## Task directions
The task for the listing below is to write out exactly the lines starting at the one containing "LIRE TOUTES LES" and ending at the one containing "首先我们需要解锁工厂板块,解", both included. Pictures are to be omitted.

## Data to examine
'''

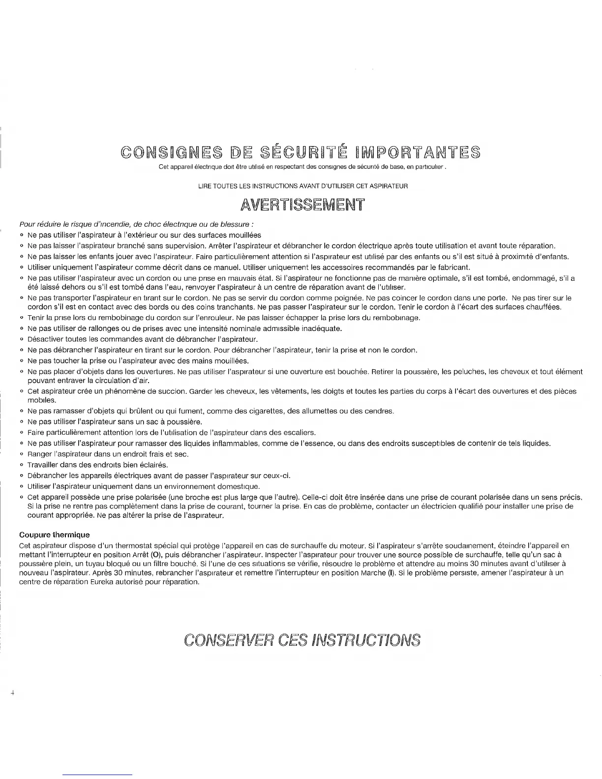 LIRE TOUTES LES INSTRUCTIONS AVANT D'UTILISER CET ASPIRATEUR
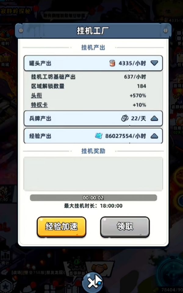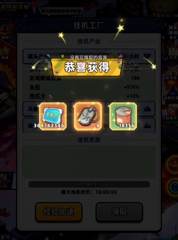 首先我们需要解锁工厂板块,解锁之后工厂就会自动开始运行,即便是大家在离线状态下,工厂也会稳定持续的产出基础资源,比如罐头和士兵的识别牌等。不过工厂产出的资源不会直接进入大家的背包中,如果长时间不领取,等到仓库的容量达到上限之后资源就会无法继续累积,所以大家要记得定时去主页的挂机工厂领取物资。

'''
'''

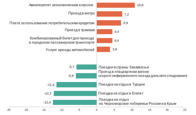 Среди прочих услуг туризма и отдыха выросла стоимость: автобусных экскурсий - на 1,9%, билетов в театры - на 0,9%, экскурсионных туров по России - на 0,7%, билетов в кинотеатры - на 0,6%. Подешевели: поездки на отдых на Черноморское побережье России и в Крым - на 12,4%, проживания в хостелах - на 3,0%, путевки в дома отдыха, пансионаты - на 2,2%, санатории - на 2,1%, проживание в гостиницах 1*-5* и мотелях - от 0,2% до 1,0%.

'''
'''

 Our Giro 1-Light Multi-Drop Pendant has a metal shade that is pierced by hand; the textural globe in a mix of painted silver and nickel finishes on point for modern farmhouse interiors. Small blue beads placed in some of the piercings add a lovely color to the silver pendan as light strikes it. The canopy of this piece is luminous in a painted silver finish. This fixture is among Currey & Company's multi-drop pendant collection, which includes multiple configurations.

'''

## Result of this task
 LIRE TOUTES LES INSTRUCTIONS AVANT D'UTILISER CET ASPIRATEUR
 首先我们需要解锁工厂板块,解锁之后工厂就会自动开始运行,即便是大家在离线状态下,工厂也会稳定持续的产出基础资源,比如罐头和士兵的识别牌等。不过工厂产出的资源不会直接进入大家的背包中,如果长时间不领取,等到仓库的容量达到上限之后资源就会无法继续累积,所以大家要记得定时去主页的挂机工厂领取物资。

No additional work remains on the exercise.